La sentenza 242/2019 della Corte costituzionale, emanata nel dicembre del 2019, fa riferimento alla situazione di Fabio Antoniani e alla sua richiesta di esser accompagnato in Svizzera per compiere il suicidio assistito: a partire dall’analisi di tale situazione, la Corte costituzionale ha deliberato che, ad alcune ben specifiche condizioni, non sia punibile l’aiuto prestato a persone che richiedono il suicidio. Sono quattro le condizioni previste per non incorrere nella punibilità dell’aiuto al suicidio: può chiedere un’assistenza medica al suicidio una persona che 1) vive una malattia irreversibile, 2) che le causa sofferenze fisiche o psicologiche intollerabili, 3) è pienamente capace di intendere e volere; si prevede inoltre che 4) la richiesta venga valutata da un comitato etico territorialmente competente.

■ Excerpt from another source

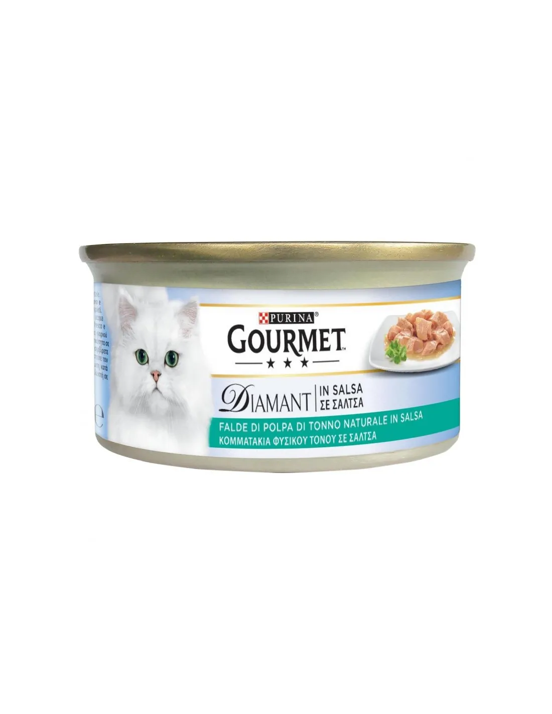 PURINA GOURMET Diamant en Salsa Exquisito Copos de Carne de Atún en Salsa Natural 85 g es un alimento complementario para gatos adultos. Este producto está compuesto principalmente por atún al natural, que supone el 63% de los ingredientes. Otros ingredientes incluyen subproductos de origen vegetal. Esta comida para gatos es rica en humedad (80%), proteínas (16%), grasa bruta (0,5%), ceniza bruta (1,5%) y fibra bruta (0,5%).

La sentenza indica che al paziente deve essere proposto un appropriato trattamento di cure palliative e ribadisce la non punibilità del medico che, alle suddette condizioni, agisce su richiesta del paziente. Le istituzioni sanitarie di riferimento devono garantire la possibilità che un paziente possa richiedere tale percorso di accompagnamento e devono pertanto attivarsi nel caso un paziente formuli tale richiesta, come è successo di recente nelle Marche e ad Ancona. Nella sentenza la Corte invitava inoltre il Parlamento a legiferare in merito, cosa che nell’immediato non è avvenuta.

Anche a seguito del respingimento nei mesi scorsi della richiesta di referendum sull’eutanasia, è stata avanzata la proposta di legge 2553, che prevede la possibilità di richiedere un’“assistenza medica al morire”. Ancorché orientato a riconoscere alla persona la possibilità di definire e scegliere la modalità e il momento della propria morte, il disegno di legge sembra semplificare le complesse dimensioni che l’aiuto al morire presenta, proceduralizzando molto la richiesta. Senza entrare nel merito delle ragioni che potrebbero motivare tale richiesta, ci pare che la legge sorvoli su aspetti e condizioni contestuali che sono fondamentali per comprendere e soppesare la richiesta di aiuto a morire che una persona, in una condizione di malattia grave, può formulare. È stata perciò sottolineata la necessità di un confronto più ampio, che consenta di non disattendere principi morali, valori e pratiche che tutelano le persone e che devono rimanere strutturanti per la nostra società, dal momento che vengono considerati tali nella nostra Costituzione: il dibattito è aperto, la discussione continua.